__EXERCISE INPUTS__.
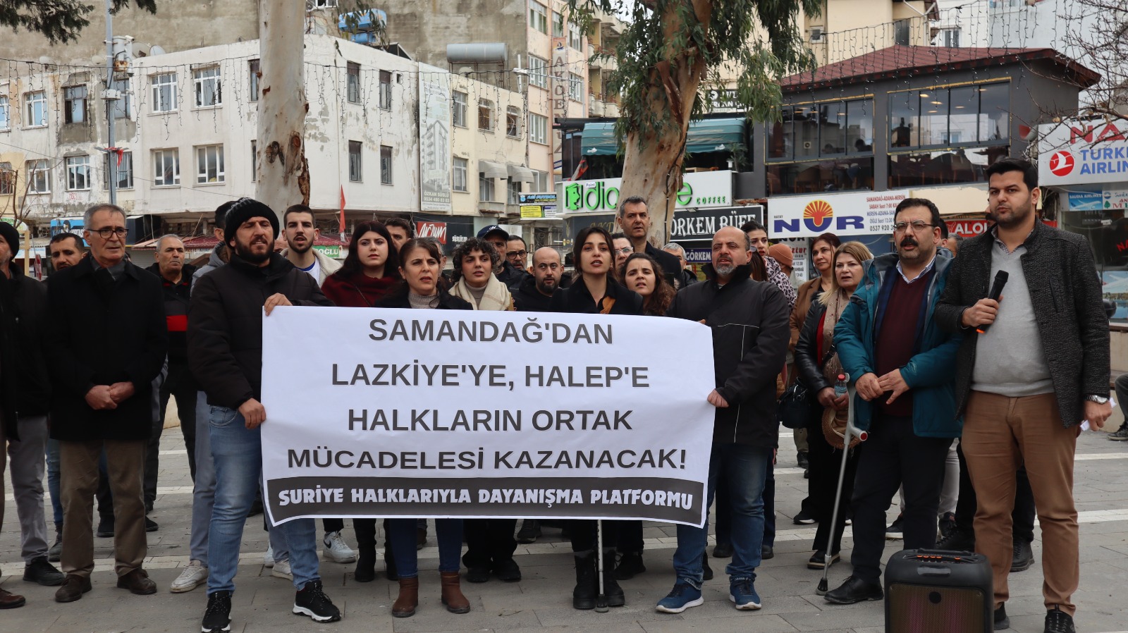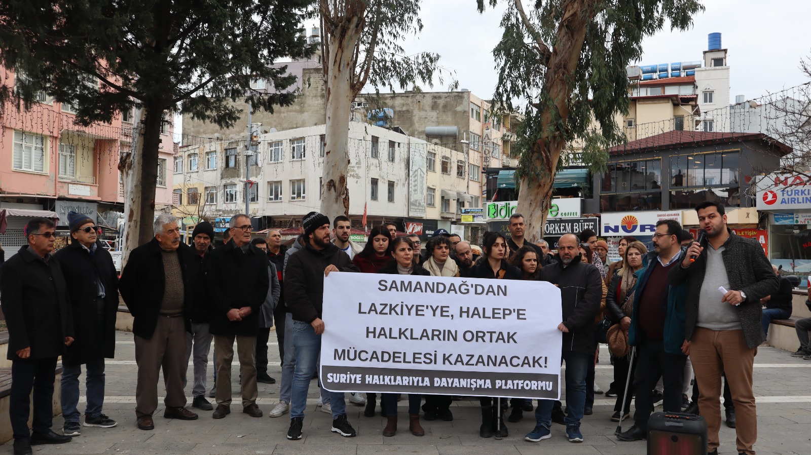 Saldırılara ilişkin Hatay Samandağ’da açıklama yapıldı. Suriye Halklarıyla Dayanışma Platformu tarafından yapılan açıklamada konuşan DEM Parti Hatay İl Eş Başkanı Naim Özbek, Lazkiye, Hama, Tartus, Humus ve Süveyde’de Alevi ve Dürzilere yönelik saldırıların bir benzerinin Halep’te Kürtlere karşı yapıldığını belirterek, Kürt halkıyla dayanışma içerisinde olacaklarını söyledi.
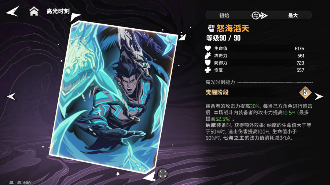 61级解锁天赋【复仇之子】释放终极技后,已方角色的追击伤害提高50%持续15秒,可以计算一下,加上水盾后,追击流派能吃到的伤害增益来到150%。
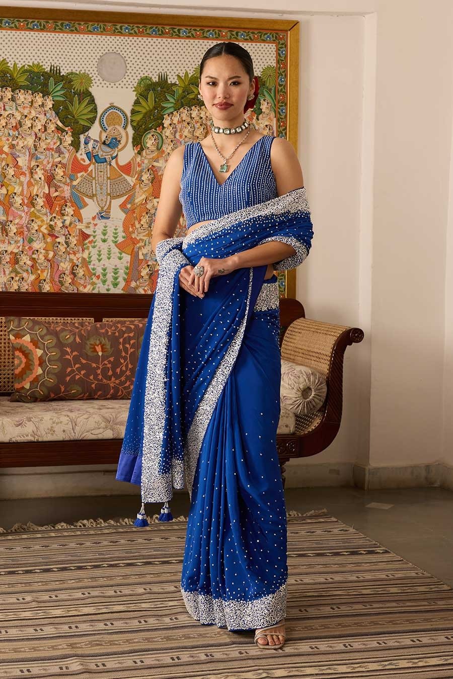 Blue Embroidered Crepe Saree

==

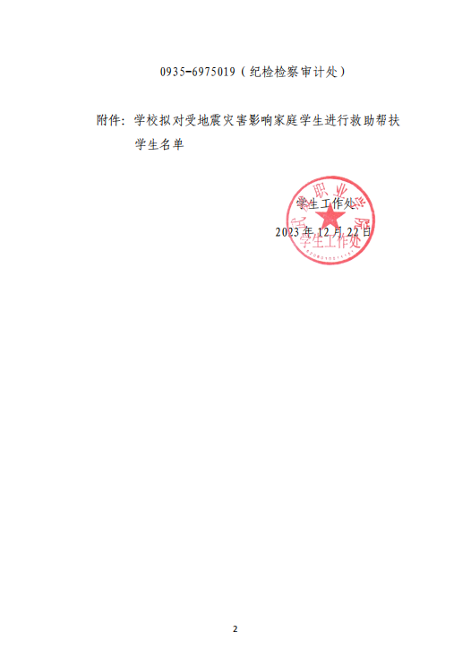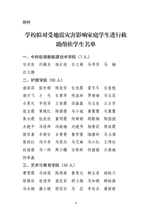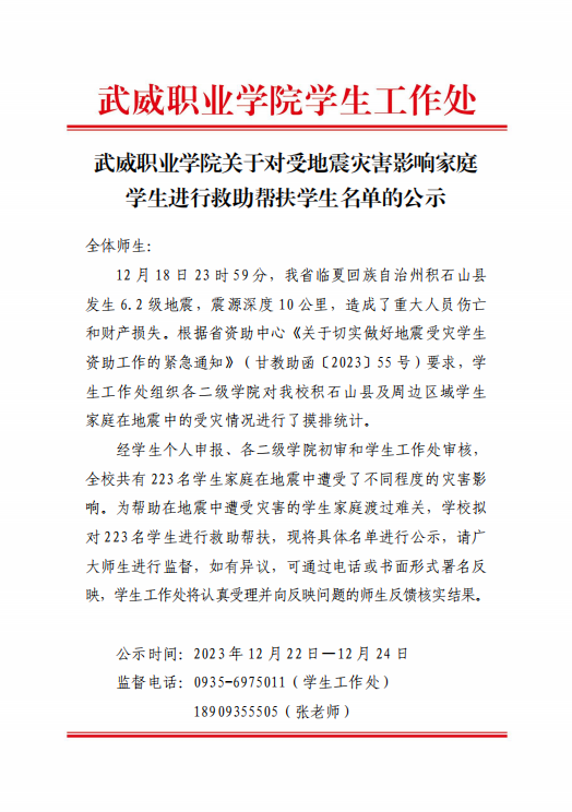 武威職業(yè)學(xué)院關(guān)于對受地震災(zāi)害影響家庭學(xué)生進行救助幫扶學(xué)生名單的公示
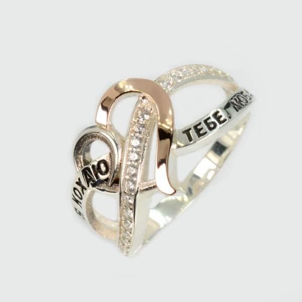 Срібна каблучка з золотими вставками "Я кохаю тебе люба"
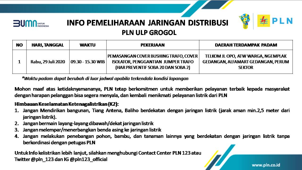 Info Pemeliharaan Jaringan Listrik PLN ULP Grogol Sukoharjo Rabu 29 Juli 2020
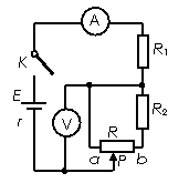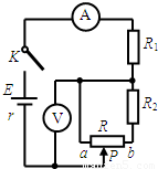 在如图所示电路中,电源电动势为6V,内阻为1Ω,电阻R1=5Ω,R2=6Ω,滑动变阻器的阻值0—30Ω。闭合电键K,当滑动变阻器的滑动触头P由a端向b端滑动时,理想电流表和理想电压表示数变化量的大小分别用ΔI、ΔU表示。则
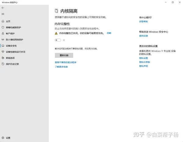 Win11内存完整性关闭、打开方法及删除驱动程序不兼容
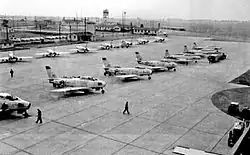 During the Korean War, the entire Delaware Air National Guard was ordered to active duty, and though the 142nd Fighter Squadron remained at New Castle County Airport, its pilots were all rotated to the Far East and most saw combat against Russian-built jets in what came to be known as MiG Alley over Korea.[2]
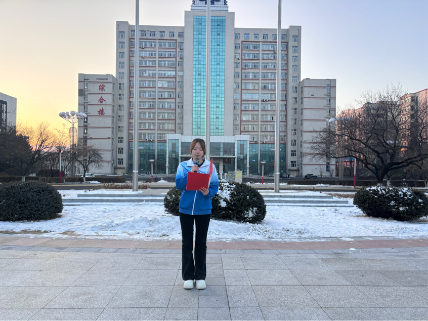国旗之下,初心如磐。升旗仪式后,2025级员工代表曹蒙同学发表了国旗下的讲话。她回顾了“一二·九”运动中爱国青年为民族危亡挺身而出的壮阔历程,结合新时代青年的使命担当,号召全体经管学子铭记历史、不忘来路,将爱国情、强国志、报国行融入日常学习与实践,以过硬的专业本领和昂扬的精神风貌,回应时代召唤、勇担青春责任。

__WORK TO COMPLETE__. Transcribe exactly the lines above, beginning at the one with "Saldırılara ilişkin Hatay" and going up to and including the one with "Blue Embroidered Crepe Saree". Pictures do not belong in the copy.

__OUTPUT OF THE EXERCISE__.
 Saldırılara ilişkin Hatay Samandağ’da açıklama yapıldı. Suriye Halklarıyla Dayanışma Platformu tarafından yapılan açıklamada konuşan DEM Parti Hatay İl Eş Başkanı Naim Özbek, Lazkiye, Hama, Tartus, Humus ve Süveyde’de Alevi ve Dürzilere yönelik saldırıların bir benzerinin Halep’te Kürtlere karşı yapıldığını belirterek, Kürt halkıyla dayanışma içerisinde olacaklarını söyledi.
 61级解锁天赋【复仇之子】释放终极技后,已方角色的追击伤害提高50%持续15秒,可以计算一下,加上水盾后,追击流派能吃到的伤害增益来到150%。
 Blue Embroidered Crepe Saree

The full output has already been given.